## Problem description
Write back, word for word, the lines from the one containing "Sadece Adalar fayı" to the end of the listing below. Include nothing else, and no pictures.

## Input data

################

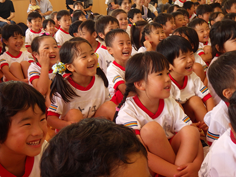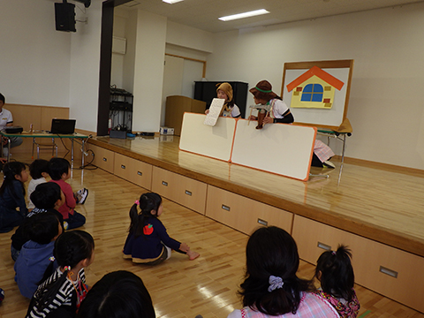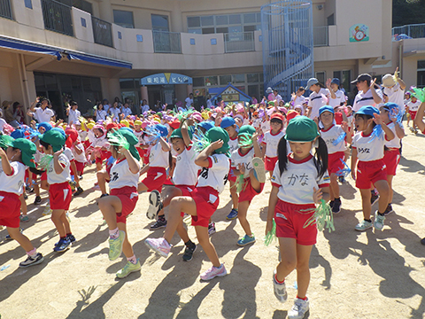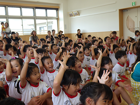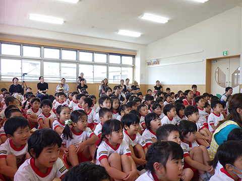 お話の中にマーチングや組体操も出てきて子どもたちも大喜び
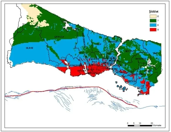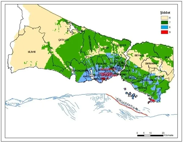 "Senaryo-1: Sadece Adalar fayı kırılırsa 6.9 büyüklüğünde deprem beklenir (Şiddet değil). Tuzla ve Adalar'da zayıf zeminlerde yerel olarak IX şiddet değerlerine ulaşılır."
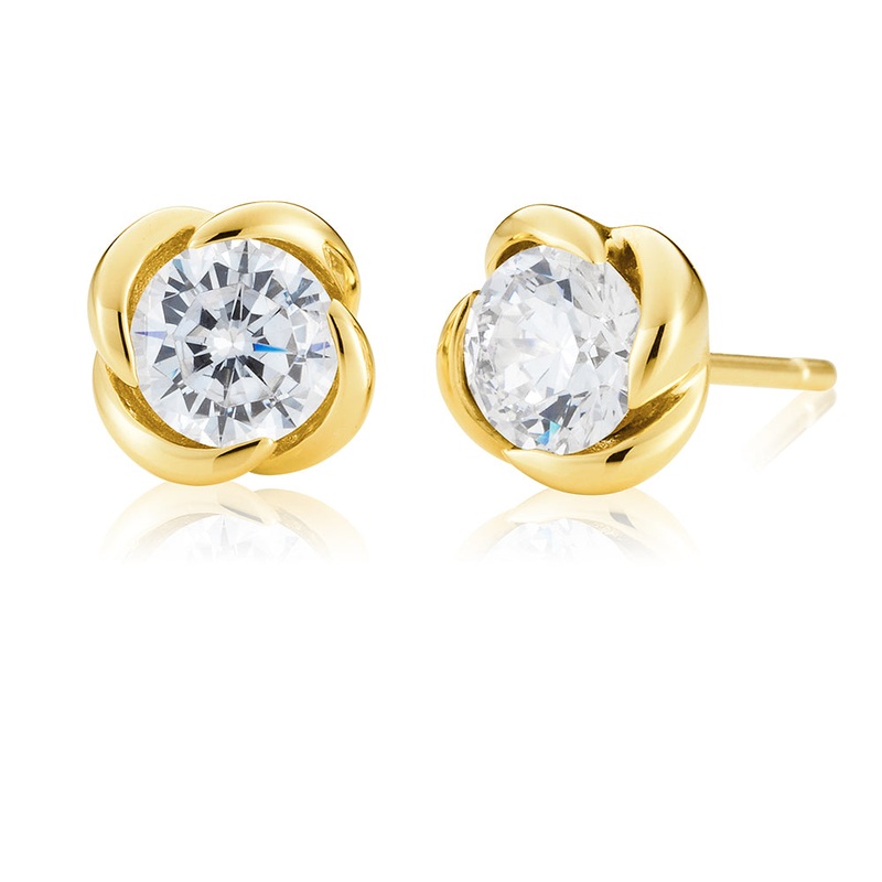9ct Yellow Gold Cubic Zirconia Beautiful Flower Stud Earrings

################

## Response
 "Senaryo-1: Sadece Adalar fayı kırılırsa 6.9 büyüklüğünde deprem beklenir (Şiddet değil). Tuzla ve Adalar'da zayıf zeminlerde yerel olarak IX şiddet değerlerine ulaşılır."
9ct Yellow Gold Cubic Zirconia Beautiful Flower Stud Earrings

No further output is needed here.